The fourth dimensionality reduction approach employed in this study was a DL–based embedding using AEs. Autoencoders are a class of unsupervised artificial neural networks designed to learn compressed, efficient representations of input data. An AE consists of two components: an encoder, which projects the input into a lower-dimensional latent space (embedding vector), and a decoder, which reconstructs the original input from this compressed representation. The network is trained to minimize the reconstruction error, ensuring that the learned embeddings capture the most relevant patterns in the data. In this study, the AE architecture was symmetrical, with both encoder and decoder composed of three fully connected layers using linear activation functions. The encoder comprised layers with 64, 32, and 19 nodes, resulting in a 19-dimensional embedding vector for each sample, producing an output matrix of shape n×19, where n=125 (the number of samples). Mean squared error (MSE) was used as the loss function, and the ADAM optimizer was applied during training, which continued until the loss function plateaued. Multiple AE configurations, varying in the number of layers and neurons per layer, were tested, with the final architecture selected based on best MSE results. The matrix of embeddings corresponding to the final AE model was used as the reduced representation of the input data set.

Fifth DRT utilized consisted of 1D convolution layers (Conv), most widely used in image analysis to extract structural patterns. The hypothesis underlying this study was that they might – similarly to image recognition – extract local abundance patterns from microbiome data. To enable pattern recognition, the input data was formatted such that each individual animal’s bacterial abundance represented a one-dimensional “image”. First, a 1-D convolutional layer was applied to the input data. This layer used two convolutional kernels, each with a kernel size of 25. The next layer was also a 1-D convolutional layer, utilizing a single kernel with a size of 3. Following the convolutional layers, a MaxPooling1D layer with a pool size of 4 was applied. This operation downsampled the feature maps, reducing dimensionality while emphasizing the most dominant local patterns. The subsequent layers consisted of a Dense layer with 64 units, followed by a Flatten layer, which reshaped the output into a one-dimensional vector suitable for further processing by the classification models.

Classifiers

Two Neural Netwok Architectures were employed as classifiers in this study, A Shallow (SNN) and Deep (DNN) Neural network,

Both network architectures shared several key parameters: Rectified Linear Unit (ReLU) was the activation function for dense layers and smooth approximation of one-hot arg max (Softmax) was used for classification purposes at the output layer. Adaptive Moment Estimation (ADAM) was used to minimize the Categorical Cross entropy loss function. There were also common overfitting prevention measures applied to both architectures: weight regularizer L2 and Dropout Layers.

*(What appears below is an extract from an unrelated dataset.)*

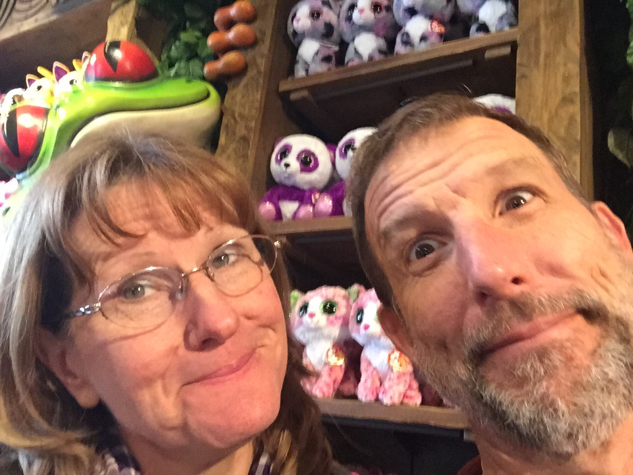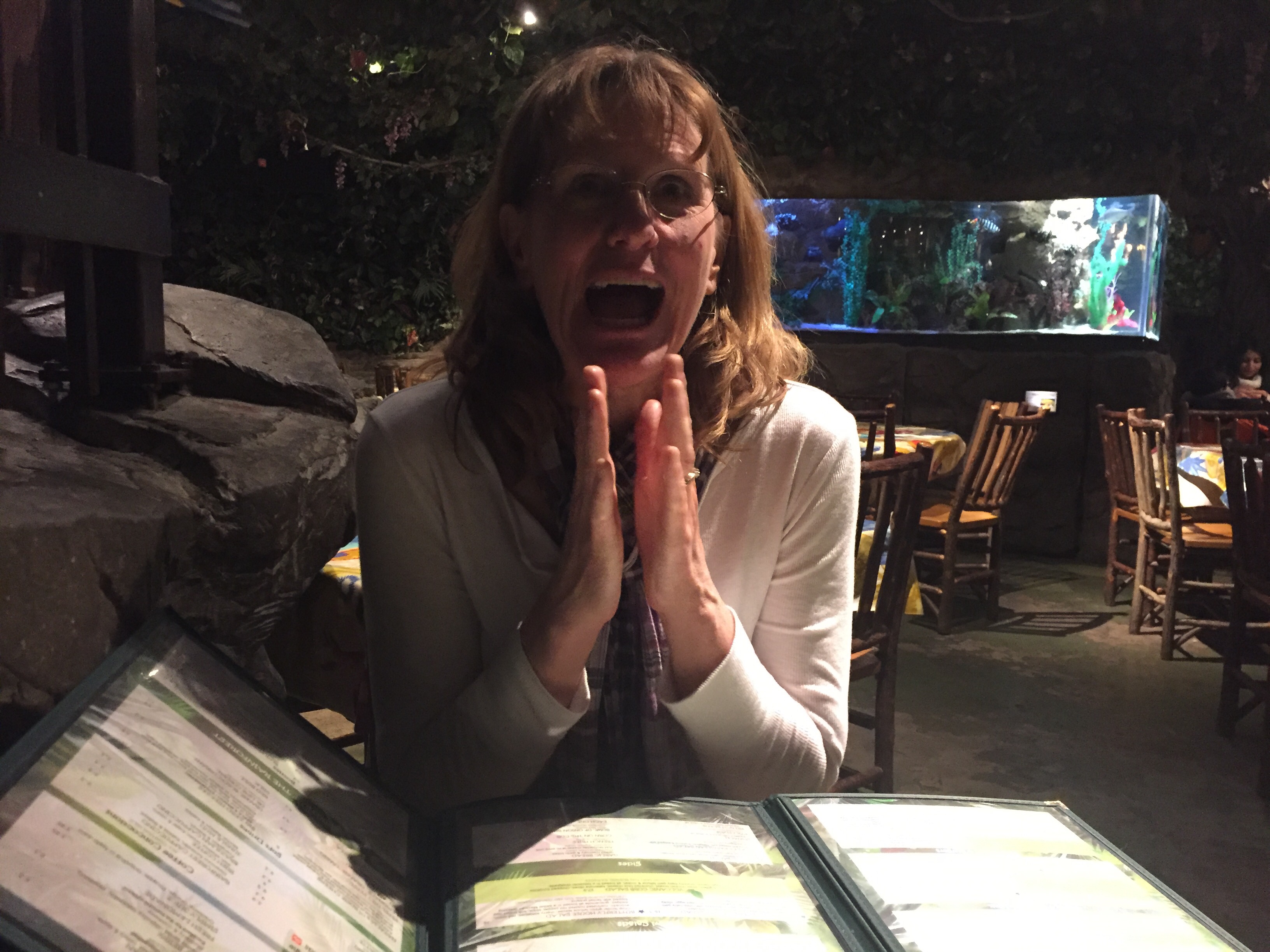 There have been fun meals — even Karen’s first visit to the thunder, lightning, rain and animals of the Rainforest Cafe in London –walks through our past as we visited the places we met and hung-out in, in 1978, incredible theater and concerts.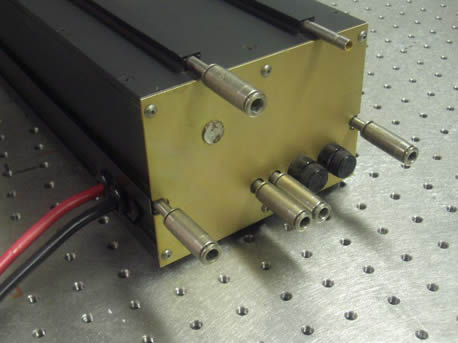 | Here she is. At about 20kg it is a bit of a whopper but the fact the cavity is metal along with the design makes the cooling pretty efficient. The whole thing is really one big heatsink. You can see the ports for water at each end. The tubes these connect to just clip into the body of the laser to take away excess heat. In fact the 25W version can be cooled by fans only. | ||||||||

Deep FNN – a multi-layer model consisting of four dense layers with progressively decreasing node counts that dependent on DRT used, see table, followed by an output layer with nodes equal to the number of target classes (5, 3, or 2, depending on the scenario). A Dropout layer with a rate of 0.25 was placed after the first dense layer.

Shallow FNN – a minimal configuration designed to test the simplest viable architecture. It consisted of a single dense layer with a small number of nodes, usually close to the input dimensionality, directly connected to the classification output layer.

Additionally to establish robust baseline, XGBoost Algorythm was used.

Results DL

The plot above illustrates the results for the five-class classification task. The Y-axis represents the accuracy of the evaluated approaches, while the X-axis corresponds to the applied dimensionality reduction techniques. In this scenario, the expected accuracy for random class assignment is 0.2. Classifier types are indicated by colors: blue – Deep Neural Network (DNN), orange – Shallow Neural Network (SNN), and green – XGBoost. The bars represent the mean cross-validation accuracy, with whiskers indicating the standard deviation, while the points correspond to the test set results. A first observation is that, in general, test set results were higher than cross-validation results, and in most cases also higher than the baseline XGBoost performance. Furthermore, all evaluated models achieved accuracies exceeding the worst-case random baseline of 0.2. Among the neural network models, the highest test accuracy was observed for X-SNN (0.80), followed closely by X-DNN and AE-DNN (both 0.76). The lowest test accuracy was obtained for NMF-SNN and C-DNN (0.52), followed by AE-SNN, C-SNN, and NMF-DNN (all 0.56). Regarding the baseline XGBoost classifier, the worst performance was observed when the input data were reduced using NMF (0.44). The best performance was achieved when PCA or X features were used (both 0.56), although the differences between these configurations were not substantial.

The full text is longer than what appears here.